Suppose you have a fair coin. You start with 1 dollar, and if you toss a H your position doubles, if you toss a T your position halves. What is the expected value of the money you have if you toss the coin to infinity ?

Now the answer is stated as follows:

We work out what happens with one toss, then $n$ tosses and then let $n$ tend to infinity. Let $X$ denote a toss then: $$\mathbb E (X) = \frac{1}{2} \cdot 2 + \frac{1}{2} \cdot 0.5= {5\over4} $$ Provided the tosses are independent, the product of expectations is the expectation of the product.

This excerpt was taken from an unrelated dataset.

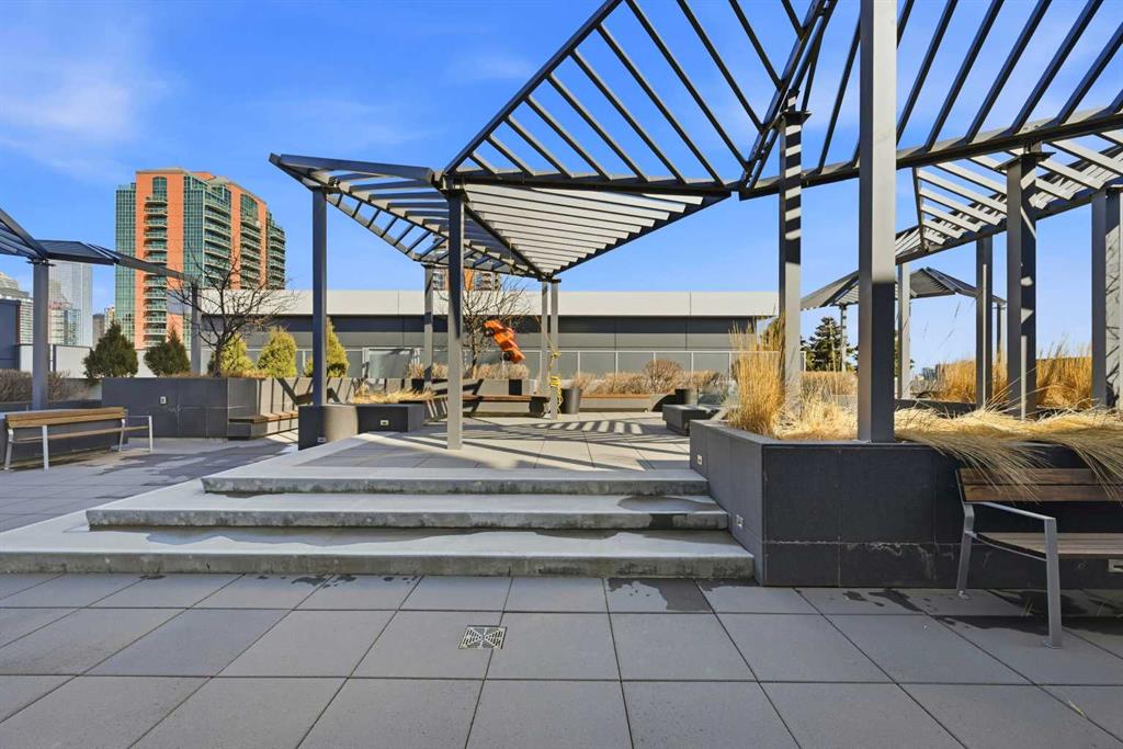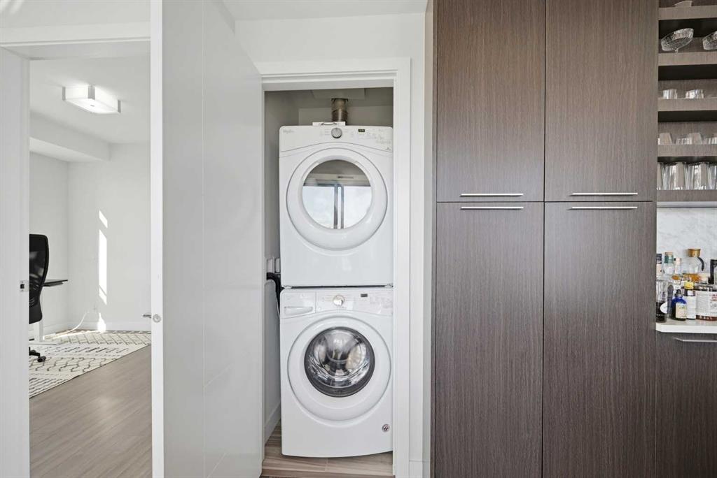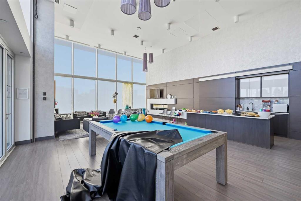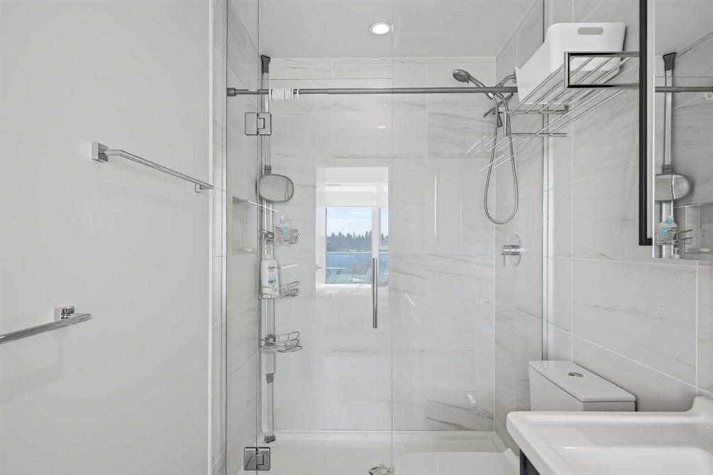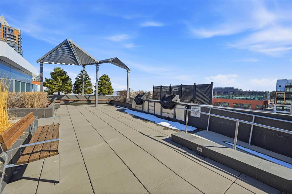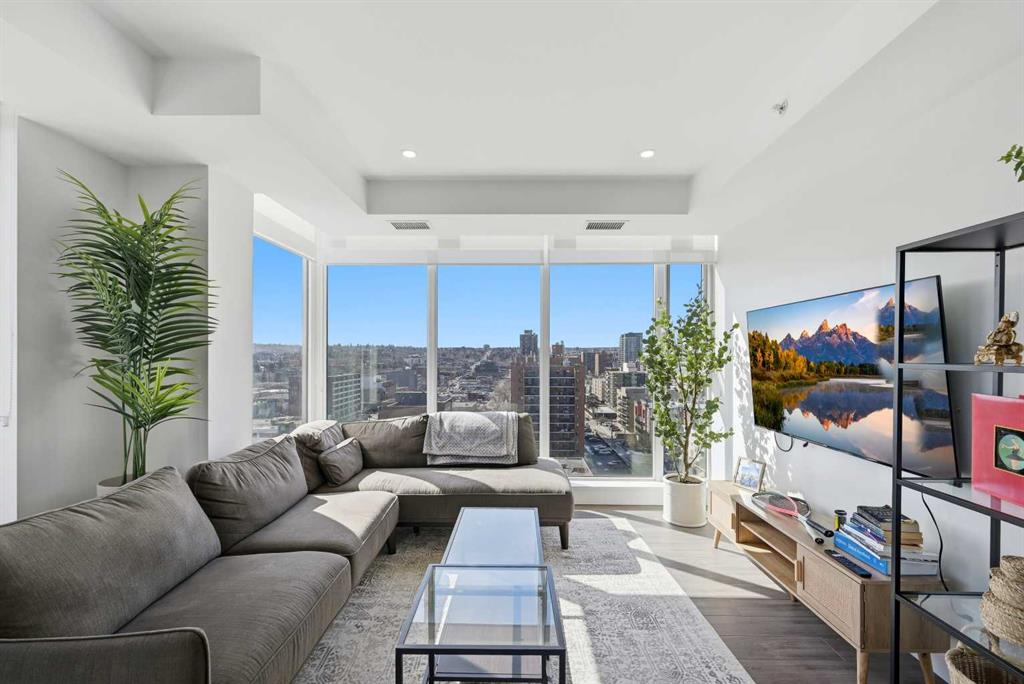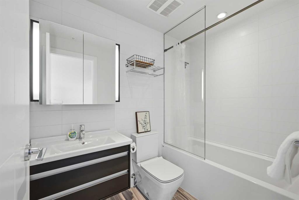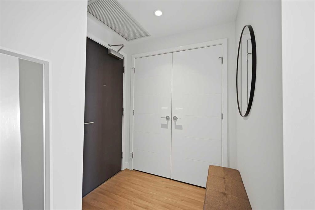 Welcome to The Royal! This stunning 2-bedroom, 2-bathroom southwest corner suite is filled with beautiful afternoon and evening sunshine. The well-designed floor plan and wall-to-wall, floor-to-ceiling windows create a bright, spacious feel throughout. The home features new wide vinyl plank flooring and modern flat ceilings, along with a stylish and functional kitchen complete with quartz countertops, a large central island with breakfast bar, premium appliances including a gas range, integrated fridge and dishwasher, plus a pantry and coffee station. Step outside to the massive double-sized balcony featuring lighting, electrical outlets, and gas BBQ hookups at both ends, perfect for relaxing or entertaining. The spacious primary bedroom includes a walk-in closet and a beautiful ensuite with a large glass shower and double vanity. A second bedroom and full bathroom offer flexibility for guests, a home office, or shared living, while in-suite laundry adds everyday convenience. Residents enjoy outstanding amenities including a fitness center, steam room, sauna, squash court, 24-hour concierge and security, outdoor courtyard, social lounge with TV and billiards, and a spacious rooftop patio with BBQ areas. The building is pet-friendly (with approval) and surrounded by nearby parks and green spaces. This exceptional unit also includes secure heated underground parking, a storage locker, and bike storage, a beautifully maintained urban home in a prime location.

Let $X_j$ be the effect of toss $j$. This means that $$ \mathbb E \left(\prod_{j=1}^n X_j\right) = \prod_{j=1}^n \mathbb E (X_j) = \left({5\over4}\right)^n$$ this clearly tends to infinity as $n$ tends to infinity

Now, I don't understand this answer :(

First, the way the answer is written out, surely the ${5\over4}$ is the expectation of the outcome of the first toss $X_1$ , not that of a toss $X_j , j \ge 1$ ?

Secondly, whilst I do understand that the tosses are independent, it would seem that the $X_{j+1}$ is actually quite heavily dependent on the $X_{j}$ before it ?

So then why is it so obvious that $\mathbb E ( X_{j+1} ) = \mathbb E ( X_j)$ ?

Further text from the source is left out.